His mom is a smallish woman, neatly dressed, attractive and an ultrasound technician.
And at the end of the trial, after the punishment had been determined, she attempted to reach the seventh floor elevators through the public lobby. But, understandably, she was approached by TV reporters trying to do their jobs -- get her reaction on tape.
But this woman was in no condition to talk.
Two young men from the "family side," serving as her escort, simply pulled the shaken woman between them and escorted her into the 7th floor stairwell.
Within seconds, you could hear her inadvertent statement. You could hear a mother wailing, the moaning of heartbreak filling the stairwell and demonstrating that a son had put his mother into an unenviable position.
It is a shame that her son was in custody elsewhere and could not hear what he has done to his mother.
Her wails will echo in the hearts of those who stood by her. She is wounded. She will suffer each time she thinks of her son, each holiday that is missed, each birthday passes, each time she hears of a prison riot. The wound in her mother's heart will be raw forever.
He is going to prison -- that most awful of places -- and this time she cannot step between him and his behavior and save him. He is a man. He is now about to be living the consequences of being a bad man.
AFTER THE TRIAL: So, the trial has ended, the weary courtroom workers -- bailiffs, court reporter, judge, prosecutors, etc. -- will move on to the next case. It will, no doubt, bring less attention than the Mercy Case has attracted.
It is, after all, a dramatic case in the Dallas history of animal cruelty prosecutions.
From now on, perhaps, investigating authorities will dot the "i's" and cross the "t's" of all animal cases -- they are felonies. Serious crimes with serious punishment that is to be taken seriously.
Four years may shrink to two years for Mr. Brown -- even so, it is still two years of wearing a number and not a name in the hellish Texas prison system where you need permission to see the sun, to look for a rainbow, to talk, to do anything that is related to freedom.
And, yet, when you consider what was done to this poor dog Mercy, you wonder, "Is four years really enough?"
WHAT CAME FROM THE CRIME: Goodness, this was an awful crime. The dog loved the man, his family testified. Yet, the man burned the dog in a fit of anger after she refused to be bred.
And once she was in the custody of a rescue group, Operation Kindness, people rallied to a dog they'd never known, a dog dreadfully injured by someone who DID know her.
How does this happen? That answer isn't in a courtroom. It is in the soul of a man.
In his closing argument, after urging the jury to not mistake revenge for justice, Mr. Wyde suggested "No one is going to remember this verdict in a month or two."
That is, perhaps, a grave underestimation of the vigorous, determined staying power of the hearts of animal people.
Operation Kindness, the no-kill shelter in Carrollton that had custody of the horribly burned dog during her treatment, has made Mercy a symbol of the fight against animal cruelty. After her plight became known, the facility received letters and donations from around the world.
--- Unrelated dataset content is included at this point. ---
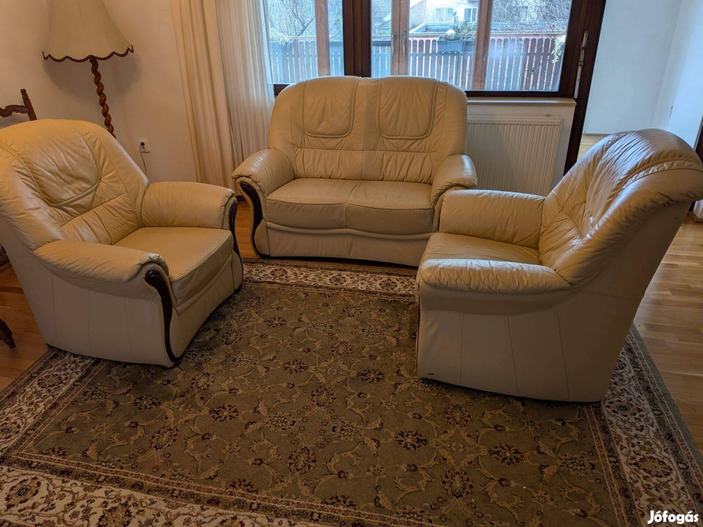 Eladó a képen látható használt, de jó állapotban levő andante ülőgarnitura beige színű, fa berakásos. A garnitúra áll 2 fotelból és egy kétüléses kanapéból

And when she died, hundreds came to her memorial service, musicians wrote songs about the dog, people wrote poems, and genuine tears were wept.
Operation Kindness Executive Director Jonnie England, exhausted from attending every day of the week-long trial, said Friday evening that there will be a memorial service honoring Mercy in the next few weeks. Details will be announced at www.operationkindness.org.
So, that's where it stands tonight. Reporters are filing and re-filing their stories. The prosecutors are probably analyzing what they did in the case. The defense may be doing the same. The jurors are either confident or wondering if they did the right thing. A mother of a freshly convicted felon is probably crying herself to sleep.
And Mercy the Dog lives on -- but only as a symbol. And that is the downright pity of this case.